Interdits mais toujours payants : comment les comptes de désinformation continuent de monétiser sur Facebook

Milos Schmidt

Interdits mais toujours payants : comment les comptes de désinformation continuent de monétiser sur Facebook

Une nouvelle étude montre que les pages Facebook signalées plus de 10 fois pour faux contenu par des vérificateurs de faits gagnent toujours de l’argent grâce à leur contenu, y compris après leur suspension.

Les acteurs de la désinformation gagnent de l’argent sur Facebook même après avoir enfreint les politiques de la plateforme, selon une nouvelle étude.

What to Fix, une organisation à but non lucratif spécialisée dans la politique technologique, et Raskrinkavanje, une organisation bosniaque de vérification des faits, ont analysé plus de 290 pages Facebook en Bosnie qui ont été signalées pour avoir distribué du faux contenu plus de 10 fois par l’un des partenaires de vérification des faits de Meta.

Cinquante et un des comptes signalés par les vérificateurs des faits pour avoir promu la désinformation au moins dix fois « ont déjà été inscrits dans au moins un programme de monétisation de Facebook », a déclaré Raskrinkavanje dans son analyse.

Parmi ces comptes, un sur trois a pu s’inscrire à plus d’un canal de monétisation avant 2024, lorsque Meta a fusionné ses différents flux d’argent en un seul programme sur invitation uniquement.

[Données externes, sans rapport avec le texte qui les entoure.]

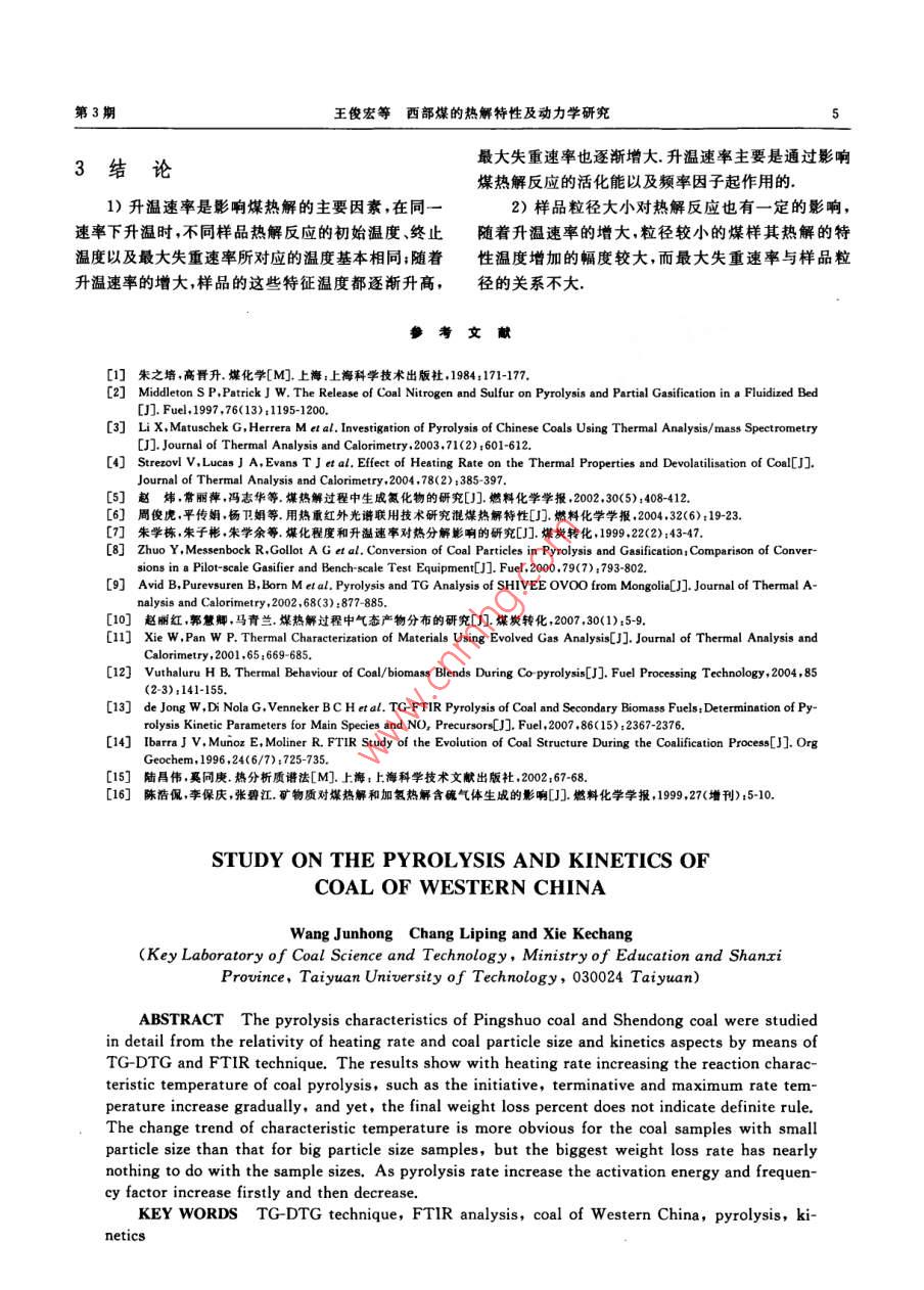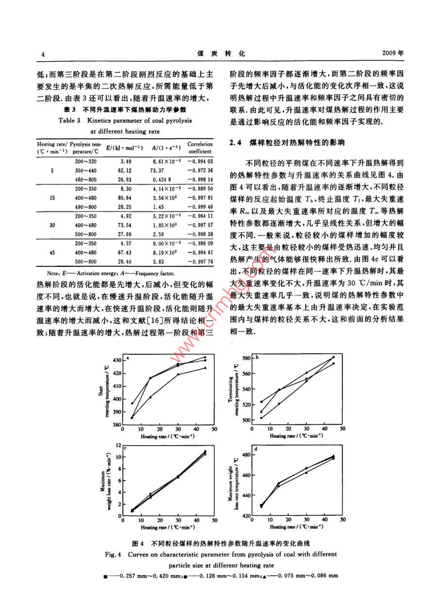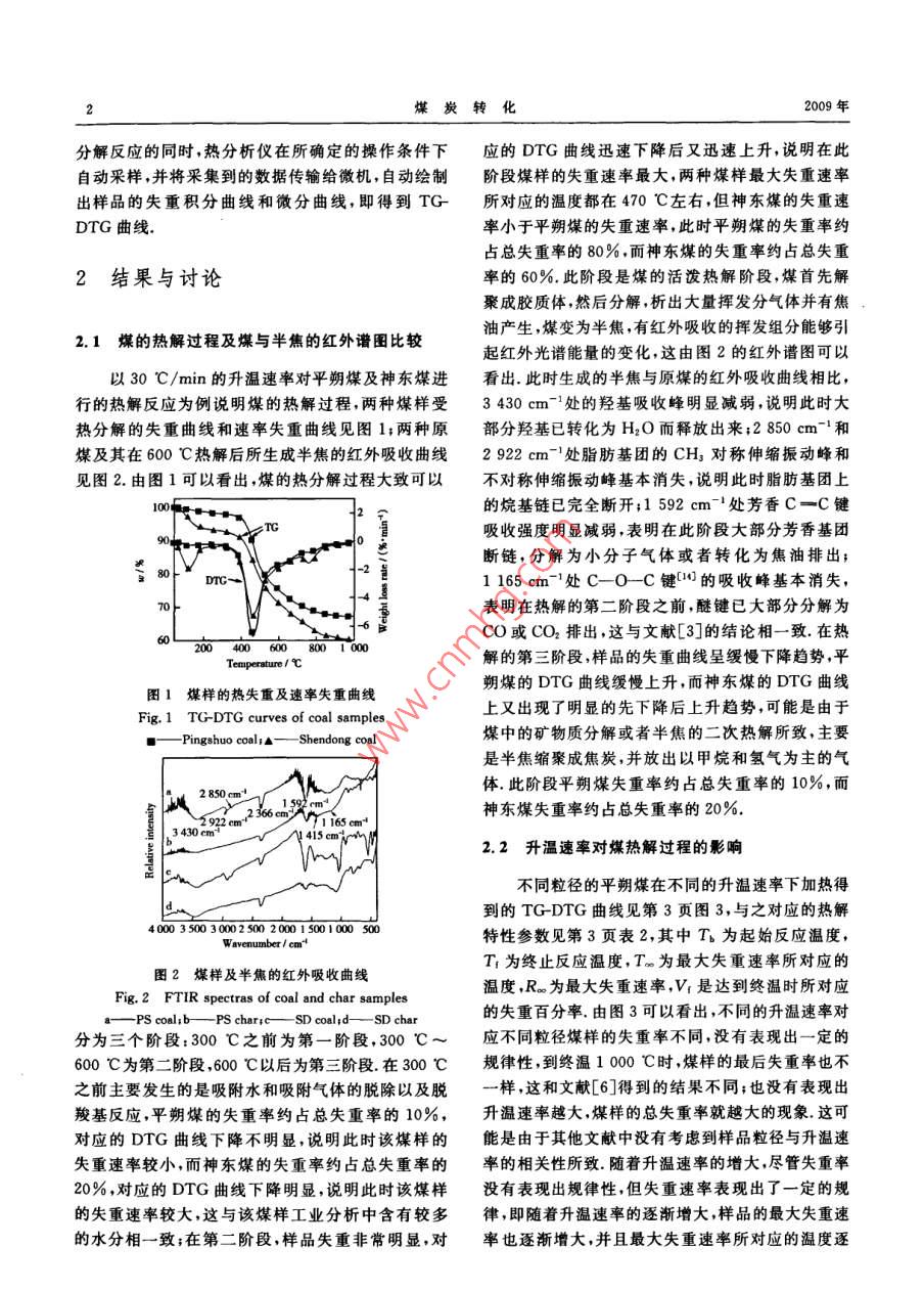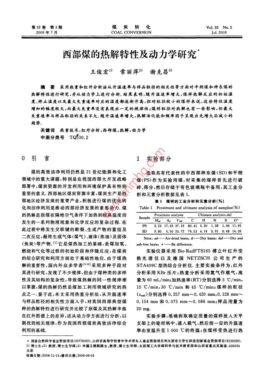 第32卷第3期煤炭轉(zhuǎn)化Vol, 32 No. 32009年7月COAL CONVERSIONJul. 2009西部煤的熱解特性及動力學(xué)研究’王俊宏"常麗萍2)謝克昌3)摘要采用熱重和紅外分析法從升溫速率與樣品粒徑的相關(guān)性等方面對平朔煤和神東煤的熱解特性進行研究,并從動力學(xué)上進行分析.結(jié)果表明,隨升溫速率增大,煤樣熱解反應(yīng)的初始溫度、終止溫度以及最大失重速率對應(yīng)的溫度都逐漸升高,但對粒徑較小的煤樣來說,這些特性溫度增加的幅度較大,而最大失重率沒有表現(xiàn)出一定的規(guī)律性;煤樣粒徑對熱解也有一些影響,但最大失重速率與樣品粒徑的關(guān)系不大.隨升溫速率增大,熱解活化能和頻率因子呈現(xiàn)出先增大后減小的趨勢.關(guān)鍵詞熱重技術(shù),紅外分析,西部煤,熱解,動 力學(xué)中圖分類號TQ530. 20引言1實驗部分煤的高效潔凈利用仍然是21世紀能源和化工選取具有代表性的中西部神東煤(SD)和平朔領(lǐng)域中的重大課題,特別是在我國西部大開發(fā)戰(zhàn)略煤(PS)作為實驗用煤,對采集的煤樣首先進行破部署中,煤炭資源的開發(fā)利用和環(huán)境保護具有特別碎、篩分,然后存儲于有色玻璃瓶中備用,其工業(yè)分重要的意義.西部地區(qū)煤炭資源豐富,煤炭生產(chǎn)是西析和元素分析數(shù)據(jù)見表1.部地區(qū)經(jīng)濟發(fā)展的重要產(chǎn)業(yè),積極進行煤的優(yōu)化轉(zhuǎn)表1煤樣的工業(yè)分析和元素分析(%)化和潔凈利用是推動西部經(jīng)濟發(fā)展的重要動力.煤Table 1 Proximate and ultimate analysis of samples( %)的熱解是指煤在隔絕空氣條件下加熱到較高溫度而SampleProximate analysisUltimate analysis,daf發(fā)生的一系列物理現(xiàn)象和化學(xué)反應(yīng)的復(fù)雜過程.在.MAdVatCHNS0*PS2.23 17.93 37.19 80.41 5.20 1.38 1.06 11.95此過程中將發(fā)生交聯(lián)鍵的斷裂.生成產(chǎn)物的重組及SD.80 4.50 33.72 79.53 4.16 0.91 0.48 14.39二次反應(yīng),最終生成氣體(煤氣)液體(焦油)及固體Note: ad-- Airdried basis; d-- -Dry basis; dafDry and(焦炭)等產(chǎn)物.[川它是煤熱加工的基礎(chǔ),是煤加氫、ash- free basis; * 一By dfference燃燒和氣化等過程的初始階段和伴隨反應(yīng),在煤炭實驗儀器采用Bio-RadFTS165 傅立葉紅外變的綜合研究和利用方面處于基礎(chǔ)性地位.由于煤熱換光譜儀以及德國NETZSCH公司生產(chǎn)的解的重要性,國內(nèi)外眾多學(xué)者([:18]采用多種手段對STA409C型熱綜合分析儀.主要實驗條件為:紅外其進行研究,發(fā)現(xiàn)了不少規(guī)律,但由于煤種類的多樣分析采用KBr壓片;熱重分析采用氮氣作載氣,流性及其結(jié)構(gòu)的復(fù)雜性,導(dǎo)致煤熱解的同一性規(guī)律難量為60 mL/ min;加熱速率(RT)分別選撣5 C/min,以掌握,煤的熱解仍然是煤加工利用領(lǐng)域研究的熱15 "C/min,30 C/min和45 C/min;煤樣的粒徑點之一.鑒于此,本文采用熱重分析法,從升溫速率(sn)分別選擇0. 257 mm~0. 420 mm,0. 128 mm~與樣品粒徑的相關(guān)性方面人手,對我國西部典型煤0.154mm和0.075mm~0.086mm;樣品用量為種的熱解特性進行研究并比較了原煤及其熱解半焦20 mg.在紅外圖譜上的差異,還從動力學(xué)方面進行分析,以實驗步驟:準(zhǔn)確稱取確定質(zhì)量的煤樣放人天平期找到相關(guān)規(guī)律,作為我國西部煤炭高效潔凈綜合支架上的瓷坩堝中,通人載氣,然后按一定的升溫速利用的基礎(chǔ).率由室溫升至1 000 C的終溫;在煤樣受熱進行熱.國家自然科學(xué)基金資助項月(20776092) .山西省高等學(xué)校青年學(xué)術(shù)帶頭人基金資助項目和太原市大學(xué)生科技創(chuàng)新基金資助項目(8122029).1)博士生:2)教授、博士生導(dǎo)師:3)中國工程院院士、教授、博士生導(dǎo)師.太原理工大學(xué)煤科學(xué)與技術(shù)教育部和山西省重點實驗室,030024收確日期:2008-11-141修回8期:2009-06-032煤炭轉(zhuǎn)化2009年分解反應(yīng)的同時,熱分析儀在所確定的操作條件下應(yīng)的DTG曲線迅速下降后又迅速上升,說明在此自動采樣,并將采集到的數(shù)據(jù)傳輸給微機,自動繪制階段煤樣的失重速率最大,兩種煤樣最大失重速率出樣品的失重積分曲線和微分曲線,即得到TG所對應(yīng)的溫度都在470 C左右,但神東煤的失重速DTG曲線.率小于平朔煤的失重速率,此時平朔煤的失重率約占總失重率的80%,而神東煤的失重率約占總失重2結(jié)果與討論率的60%.此階段是煤的活潑熱解階段,煤首先解聚成膠質(zhì)體,然后分解,析出大量揮發(fā)分氣體并有焦2.1煤的熱解過程及煤與半焦的紅外譜圍比較油產(chǎn)生,煤變?yōu)榘虢?,有紅外吸收的揮發(fā)組分能夠引起紅外光譜能量的變化,這由圖2的紅外譜圖可以以30C/min的升溫速率對平朔煤及神東煤進看出.此時生成的半焦與原煤的紅外吸收曲線相比,行的熱解反應(yīng)為例說明煤的熱解過程,兩種煤樣受3430cm-1處的羥基吸收峰明顯減弱,說明此時大熱分解的失重曲線和速率失重曲線見圖1;兩種原部分羥基已轉(zhuǎn)化為H2O而釋放出來;2 850 cm~'和煤及其在600C熱解后所生成半焦的紅外吸收曲線2922cm-'處脂肪基團的CH,對稱伸縮振動峰和見圖2.由圖1可以看出,煤的熱分解過程大致可以不對稱伸縮振動峰基本消失,說明此時脂肪基團上的烷基鏈已完全斷開;1 592 cm~'處芳香C一C鍵zTG吸收強度明顯減弱,表明在此階段大部分芳香基團斷鏈,分解為小分子氣體或者轉(zhuǎn)化為焦油排

Neuf autres comptes ont été invités par Meta à rejoindre ce programme qui les rémunère en fonction des performances de leur contenu.

« Nos résultats soulèvent des questions importantes sur la capacité de Meta à remplir son engagement de démonétiser les récidivistes de la désinformation », selon l’étude.

Meta, la société mère de Facebook, est depuis longtemps critiquée aux États-Unis et en Europe pour avoir lutté contre la propagation de la désinformation sur ses plateformes.

Après que des problèmes d’intégrité des informations ont émergé lors des élections américaines de 2016, Meta a commencé à travailler avec des vérificateurs de faits tiers pour vérifier le contenu. L’année dernière, l’entreprise a commencé à supprimer ces fonctionnalités à certains endroits, en les remplaçant par des notes communautaires, où les utilisateurs de la plate-forme peuvent ajouter des notes pour clarifier ou signaler lorsqu’une publication est potentiellement trompeuse.

La politique actuelle de l’entreprise n’autorise aucun contenu que les vérificateurs de faits tiers travaillant avec Meta qualifient de « faux » ou qui partage des appâts à clics issus de la monétisation, indique le rapport.

Le « faux » contenu est tout ce qui « n’a aucun fondement factuel », y compris le contenu contenant de fausses citations, des affirmations impossibles, des théories du complot, du contenu fabriqué ou des médias réels utilisés comme « preuve d’un événement sans rapport », a déclaré la société.

Cependant, le rapport note que Meta ne précise pas quels seuils il utilise pour appliquer des restrictions de répétition.

Certains des comptes évalués par l’étude ont finalement été démonétisés ou suspendus pour violation des politiques de la plateforme, mais l’étude a révélé que 84 % d’entre eux ont pu retrouver l’accès à la monétisation.

Plus de 50 % des comptes restreints ont été de nouveau en ligne en un mois, alors que dans certains cas, la suspension n’a duré que 2 jours.

« Cela suggère que Meta aurait pu permettre à des acteurs restreints de continuer à monétiser du contenu sur Facebook, même s’ils les avaient identifiés avec précision comme ayant violé ses politiques de monétisation de manière répétée », indique le rapport.

L’Observatoire de l’Europe Next a contacté Meta pour commentaires mais n’a pas reçu de réponse immédiate.

What To Fix a déclaré que leur étude est limitée car Meta ne conserve pas d’informations sur la monétisation des comptes sur la plateforme.

Au lieu de cela, les organisations de vérification des faits se limitent à une base de données continue de divulgations pour identifier quand les comptes ont été monétisés et à des archives internes de vérification des faits.

Il est également possible qu’en raison de la portée limitée de leur étude, Meta ait travaillé avec d’autres vérificateurs de faits pour supprimer d’autres comptes et sur d’autres marchés.

Néanmoins, il a encouragé l’Union européenne à rechercher si Meta se conforme aux règles du bloc en vertu de la loi sur les services numériques (DSA) et à ses obligations en vertu du code de conduite sur la désinformation, qui s’engage à « démonétiser la désinformation ».